Finance Minister AHM Mustafa Kamal recently spoke in favour of liquidation or merger of 'weak and inefficient' non-banking financial institutions (NBFIs).
The minister gave his opinion at a meeting with the chairmen and managing directors of 34 NBFIs. He also asked the top notches of NBFIs to do whatever necessary to reduce the volume of soured loans and run their institutions efficiently.
The meeting was obviously organised against the backdrop of some unexpected developments involving some NBFIs. One NBFI, the People's Leasing and Financial Services Ltd (PLFSL), has already been liquidated and, at least two more are having difficult time in repaying the depositors' money. The liquidation of the PLFSL has, naturally, hurt the business of other NBFIs. These institutions are now required to put extra efforts to lure funds from general as well as corporate investors.
The factors that have made some NBFIs financially sick are almost identical to ones that are also ailing a number of banks, private and public. Irresponsible lending, insider lending, dictated lending and weak regulatory control are thought to be the major reasons behind the problems that are being encountered by both banks and non-banking FIs.
The liquidation done in the case of PLFSL might have been necessary. But, timely step on the part of the regulator could have avoided this extreme outcome. The possibility of merging it with some other NBFI could be explored. Since some more NBFIs are having problems, the option of merging those with some other NBFIs needs to be explored by their sponsors. The Bangladesh Bank can also play an important role here. Merger does help protect the interest of both depositors and shareholders, to some extent.
Recently, a number of state-owned banks and an investment institution have saved a fourth-generation private bank from going bust and liquidation. They acquired the majority stake of the bank, however, at the dictate of the Ministry of Finance. The state-owned bank themselves are having problems because of their soaring non-performing loans. These banks do regularly seek capital replenishment from the government.
So, the state-owned banks do not have the capacity to be saviours for some other troubled banks or NBFIs. Under the circumstances, M&A remains the best option. However, merger would bear no fruit if the same happens between two or more weak institutions. The relatively healthy financial institutions do need to take over the weak ones with certain cost advantage. Such merger or takeover does help protect the interest of both depositors and shareholders.

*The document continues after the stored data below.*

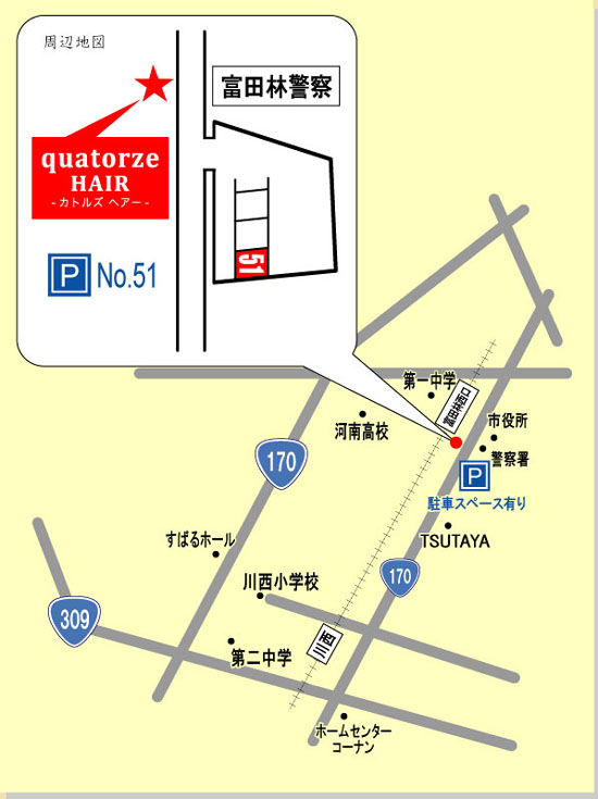 No.51がカトルズヘアーのお客様専用駐車場となっております。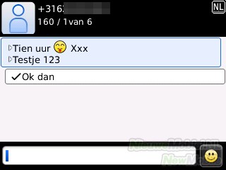 Natuurlijk behoren sms’en en mms’en tot de mogelijkheden op een Curve 9300. Het opstellen van een SMS-bericht is een rechttoe-rechtaan-karweitje. De geadresseerde is snel toegevoegd en vervolgens kan het bericht getypt worden. Een bericht typen met de Curve 9300 gaat vrij gemakkelijk, al is het toetsenbord niet zo comfortabel als op de Bold 9700. Met één hand kan het hele toetsenbord redelijk makkelijk bediend worden.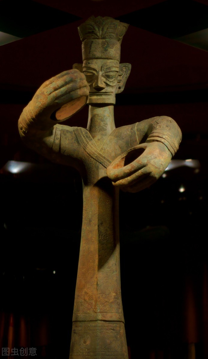 。青铜大立人高踞于群像之上,他既有王者之风,又有主神之仪,因此是群巫之长。其他人头像则代表着蜀王治下的各级统治者、各族之长或群巫。

Here, an obvious question would agitate the minds of many: Is there an adequate legal framework in Bangladesh to facilitate unhindered M&A. At the moment, there is no specific M&A law in the country. However, certain other laws and rules are there in the arena of banking and capital market to help the process going smoothly.
However, M&A would happen only when all the parties concerned are interested in going for it. M&A is a regular phenomenon in most developed and many developing countries. Yet the authorities might examine the need for enactment of a specific law for the process of merger and acquisition. If a specific law does help the process of M&A, it should be adopted in the light of experiences gained by some other countries.